Obtaining the average indicator value for each year and region is straightforward using the `group_by` and `agg` functions, but again we have to select the relevant years (using `.query`) and remove any observations that have a missing value for the indicator being analysed (using `dropna`). We save the final output as `deposit_region`.


In [None]:
deposit_region = (
    gfdd.rename(columns=dict_of_new_names)
    .query("Year > 1999 & Year < 2015")
    .dropna(subset=["bank_assets"])
    .groupby(["Year", "Region"])["bank_assets"]
    .agg(["mean", "count"])
)
deposit_region

At this stage the summary data is stored in long format. This format is useful for plotting the data, but to produce the required table (with `Region` as the column variable and `Year` as the row variable), we need to reshape the data into wide format. While we previously used `melt` to move from wide to long, we can use the `pivot` function to achieve the opposite and transform the data from long to wide.

There is a short-cut to `pivot` though: if we only wish to move one variable from a row to a column (and it is part of the index), we can simply use the `.unstack` method:

In [None]:
deposit_region.unstack()

Note how we get two sub-tables: one for mean, and one for count.

At this point you could just print or view the data, however using one of many **pandas** export functions produces output that is visually easier to read and can be copied and pasted into your analysis document. Here are some examples with just the first few rows and just the first few columns:

In [None]:
# to markdown, the popular text format
print(deposit_region.iloc[:5, :3].to_markdown())

In [None]:
# to latex, for writing papers
print(deposit_region.iloc[:5, :3].to_latex())

In [None]:
# to html, for the web
print(deposit_region.iloc[:5, :3].to_html())

We can use **seaborn** to plot a line chart using the long format data (`deposit_region`), with year on the horizontal axis.
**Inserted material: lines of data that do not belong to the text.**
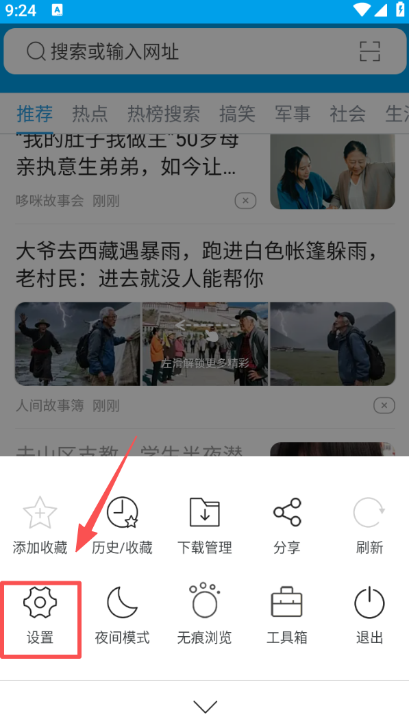 2、点击功能菜单,找到设置选项并进入,能对浏览器进行个性化配置。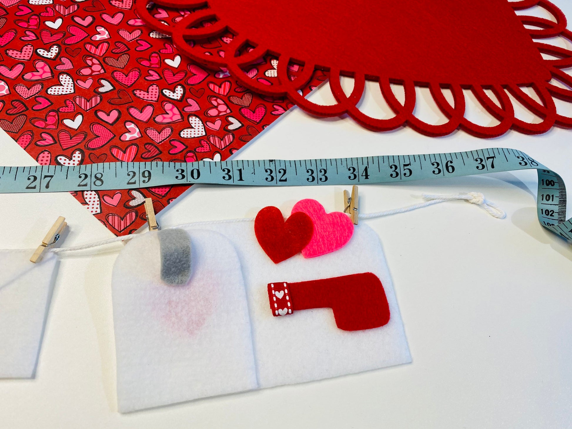 This miniature felt banner features a teddy bear holding heart-shaped balloons, envelopes and mailboxes. The perfect Valentine’s Day banner for your fireplace mantel.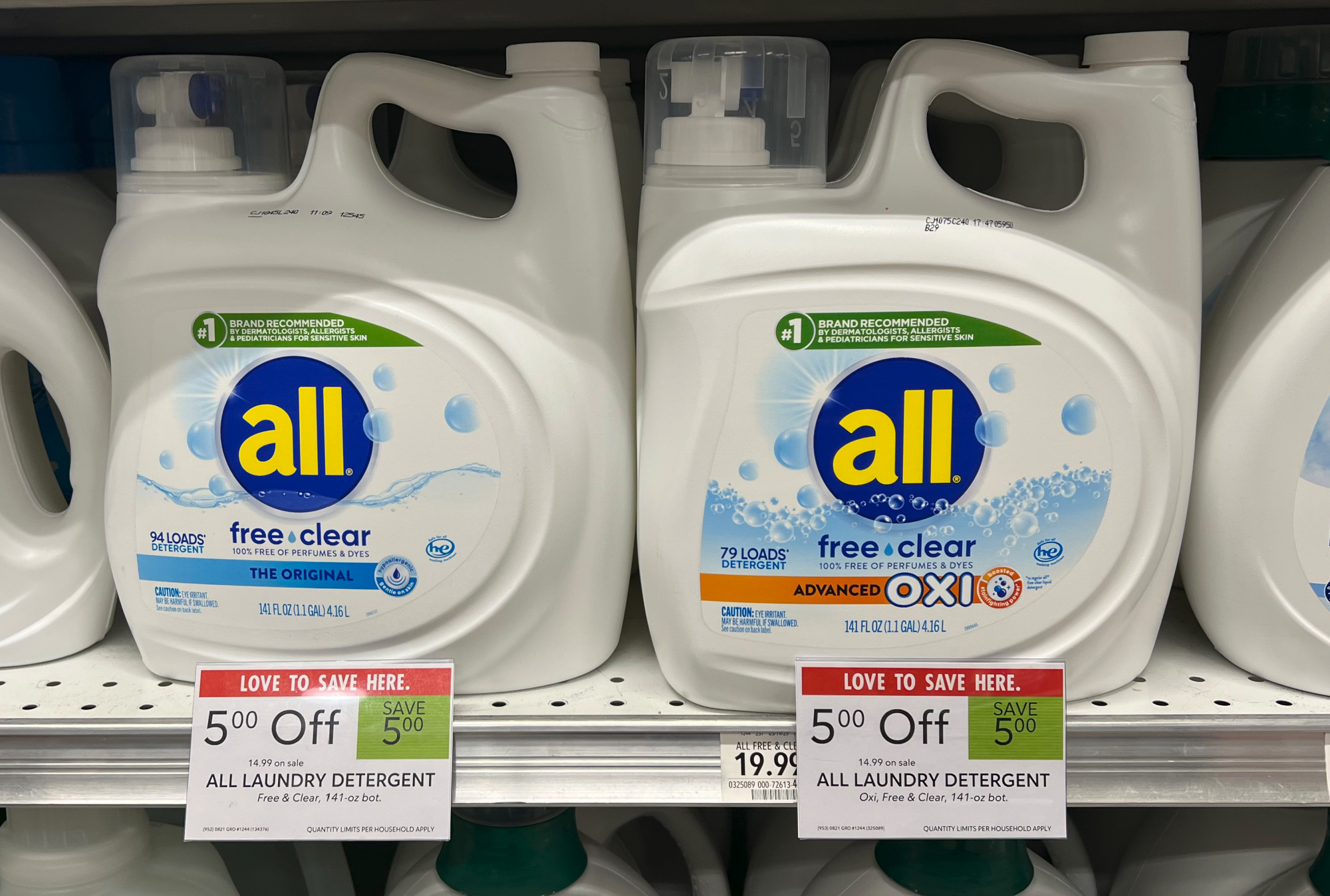After the sale and cash back offer, the large containers of All detergent will be as low as $11.99 this week at Publix. Check your laundry supplies and grab a deal if you need to restock.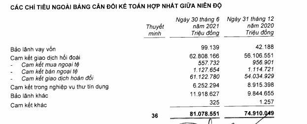 Tại thời điểm 30/6/2021, tổng nghĩa vụ nợ tiềm ẩn của Sacombank ghi nhận hơn 18.270 tỷ đồng. Trong đó, bảo lãnh vay vốn tăng vọt 135%, bảo lãnh khác cũng tăng 21% lên hơn 11.918 tỷ đồng; chỉ có cam kết trong nghiệp vụ thư tín dụng giảm 30% còn 6.252 tỷ đồng.

We specify `color = "Region"`.

In [None]:
import seaborn.objects as so

(
    so.Plot(deposit_region, x="Year", y="mean", color="Region")
    .add(so.Line(linewidth=2))
    .label(
        y="Mean deposit, % of GDP",
        title="Deposit money banks' assets to GDP (%), 2000-2014, by region",
    )
)

**Figure 10.5 Line chart of ‘Deposit money banks’ assets to GDP (%)’, 2000–2014, by region.**

The process can be repeated for income group rather than region.

In [None]:
deposit_income = (
    gfdd_new_names.query("Year > 1999")
    .dropna(subset=["bank_assets"])
    .groupby(["Year", "Income Group"])["bank_assets"]
    .agg(["mean", "count"])
)

(
    so.Plot(deposit_income, x="Year", y="mean", color="Income Group")
    .add(so.Line(linewidth=2))
    .label(
        y="Mean deposit, % of GDP",
        title="Deposit money banks' assets to GDP (%), 2000-2014, by income group",
    )
)

**Figure 10.6 Line chart of ‘Deposit money banks’ assets to GDP (%)’, 2000–2014, by income group.**

You can repeat the process for the indicator 'Bank accounts per 1,000 adults' by replacing the variable name `bank_assets` with `bank_accounts` in the above code, again by region and then by income group.